9a. Export from the NGFW (see section 6.2 of the NGFW reference for your vendor). Save it as ngfw-ca.pem on your laptop.
9b. Copy to the Ubuntu server:
# From your laptop:
scp ~/Downloads/ngfw-ca.pem ubuntu@<server-ip>:/tmp/ngfw-ca.pem
9c. Install in the cluster:
kubectl create configmap ngfw-ca \
-n web-agents \
--from-file=ngfw-ca.crt=/tmp/ngfw-ca.pem \
--dry-run=client -o yaml | kubectl apply -f -
9d. Restart the agents to pick up the new CA:
kubectl rollout restart deployment/web-agent -n web-agents
kubectl rollout restart deployment/k6-agent -n web-agents
# Wait for restart to complete
kubectl rollout status deployment/web-agent -n web-agents
kubectl rollout status deployment/k6-agent -n web-agents
Expected output:
deployment "web-agent" successfully rolled out
deployment "k6-agent" successfully rolled out
Phase 5 — Configure the NGFW¶
Step 10 — Configure VLAN subinterfaces on the NGFW¶
For each VLAN in the table below, create a subinterface with the listed IP address.
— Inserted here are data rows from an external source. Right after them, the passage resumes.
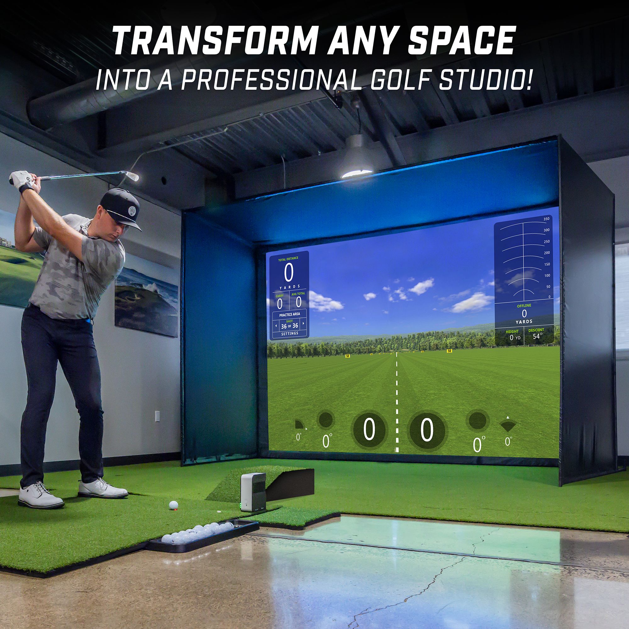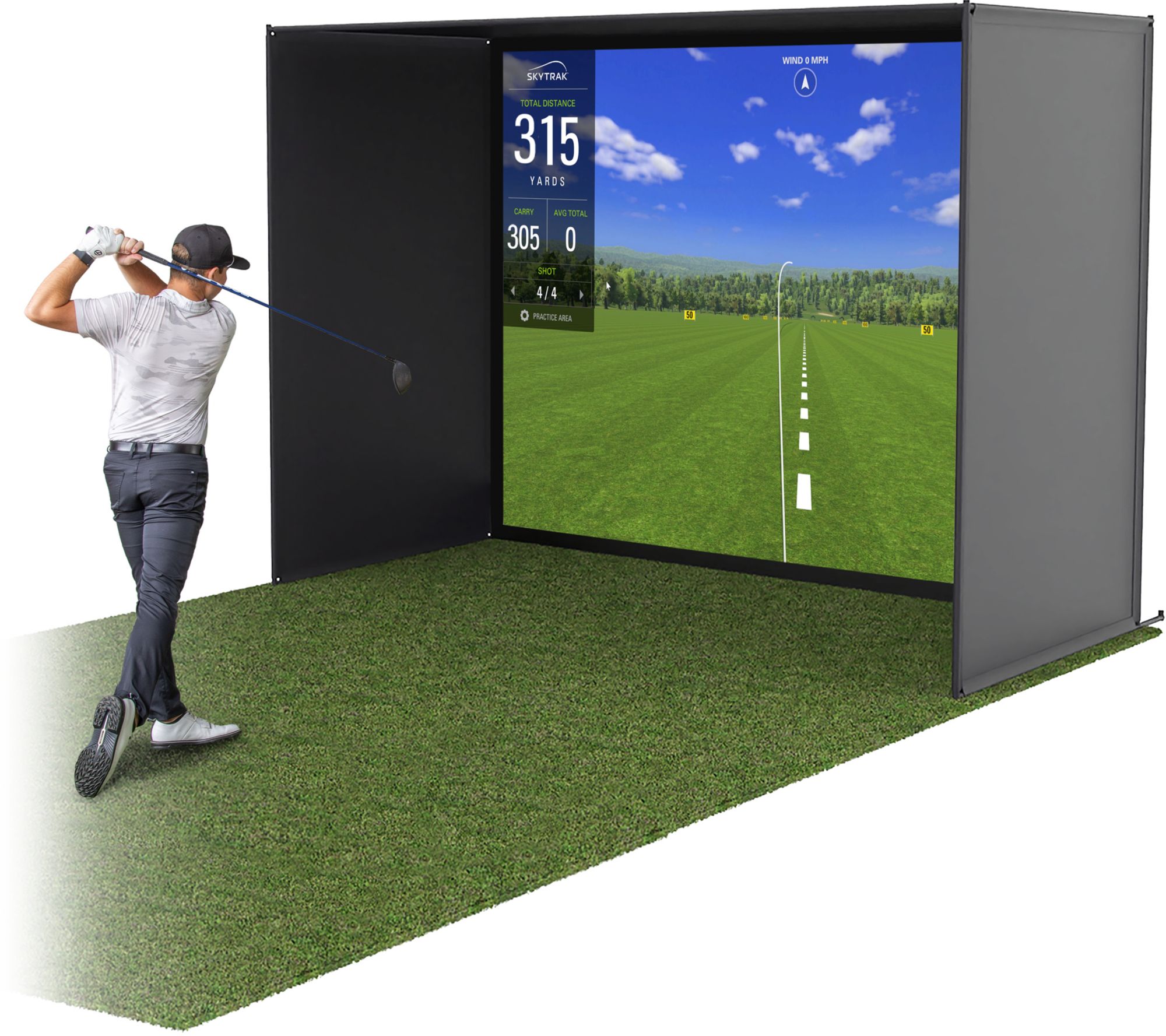 GoSports 10 x 8 ft Golf Simulator Enclosure brings the course to your home! The ideal 4:3 aspect ratio screen with side and top coverings makes it an indispensable training aid for serious golfers who want the best. The enclosure features commercial grade quality at a significantly lower cost, making it an affordable choice for setting up a home driving range. This indoor practice solution is compatible with all leading launch monitors and projectors, although devices are not included. The impact screen, made of high-density woven polyester, ensures a reliable and durable projection surface. Assembly is easy, with comprehensive instructions allowing you to set up in 30 minutes or less, assuming a room height of 9 feet and adequate space for swinging. Built for durability, the setup includes a sturdy steel frame and reinforced impact screen, with foam padding to minimize rebounds and prevent balls from slipping underneath.
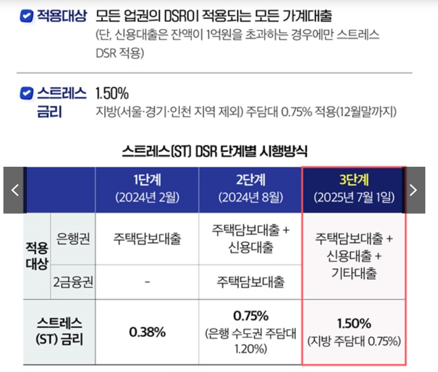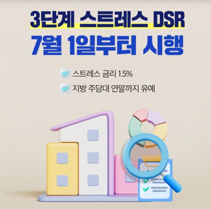2025년 7월부터 시행되는 DSR 3단계는 기존보다 훨씬 강화된 규제 방식으로, 모든 가계 자금 지원에 ‘스트레스 기준’이 반영되는 방식으로 바뀝니다.
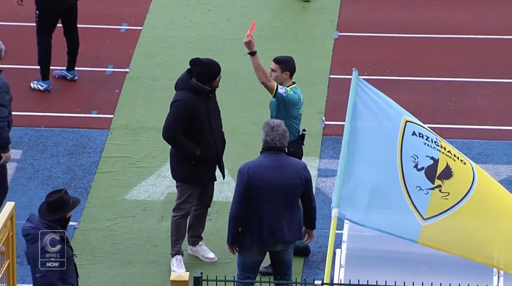 per avere, al 45° minuto del primo tempo, tenuto una condotta irriguardosa e ingiuriosa nei confronti dell’Arbitro in quanto pronunciava una frase irrispettosa e offensiva nei suoi confronti, ripetuta per tre volte, per contestarne l’operato. Ritenuta la continuazione misura della sanzione in applicazione degli artt.13, comma 2, e 36, comma 1, lett. a), C.G.S., valutate le modalità complessive della condotta (r. Arbitrale, supplemento r. Arbitrale, panchina aggiuntiva).

See section 8 of docs/NGFW_CONFIGURATION_REFERENCE.en.md for vendor-specific CLI/GUI steps.
| VLAN | IP to configure on NGFW | Purpose |
|---|---|---|
| 20 | 172.16.0.1/16 |
browser-engine agent gateway |
| 30 | 172.17.0.1/16 |
synthetic-load agent gateway |
| 99 | 192.168.90.3/24 |
SNMP monitoring (optional) |
| 101 | 10.1.1.1/27 |
shop persona gateway |
| 102 | 10.1.2.1/27 |
news persona gateway |
| 103 | 10.1.3.1/27 |
blog persona gateway |
| 104 | 10.1.4.1/27 |
docs persona gateway |
| 105 | 10.1.5.1/27 |
gallery persona gateway |
| 106 | 10.1.6.1/27 |
stream persona gateway |
| 107 | 10.1.7.1/27 |
download persona gateway |
| 108 | 10.1.8.1/27 |
edu persona gateway |
| 109 | 10.1.9.1/27 |
gov persona gateway |
| 110 | 10.1.10.1/27 |
cdn persona gateway |
| 111 | 10.1.11.1/27 |
api-rest persona gateway |
| 112 | 10.1.12.1/27 |
api-graphql persona gateway |
| 113 | 10.1.13.1/27 |
chat persona gateway |
| 114 | 10.1.14.1/27 |
webhook persona gateway |
| 115 | 10.1.15.1/27 |
telemetry persona gateway |
| 116 | 10.1.16.1/27 |
ads persona gateway |
| 117 | 10.1.17.1/27 |
har-saas persona gateway |
| 118 | 10.1.18.1/27 |
har-social persona gateway |
| 119 | 10.1.19.1/27 |
har-webmail persona gateway |
| 120 | 10.1.20.1/27 |
har-media persona gateway |
Step 11 — Create security zones on the NGFW¶
| Zone | Assign VLANs |
|---|---|
agents |
VLAN 20, VLAN 30 |
personas |
VLANs 101–120 |
Step 12 — Create the TLS inspection policy on the NGFW¶
Create a policy that decrypts and inspects all HTTPS traffic from agents to personas:
| Rule | Source | Destination | Ports | Action |
|---|---|---|---|---|
| Decrypt all | 172.16.0.0/16, 172.17.0.0/16 |
10.1.0.0/16 |
TCP 443, UDP 443 | Decrypt & Inspect |
- Use the
persona-cayou imported in step 8 as the trusted CA for outbound connections (Leg 2) - Use your NGFW intercept CA (the one you exported in step 9) to resign certificates for agents (Leg 1)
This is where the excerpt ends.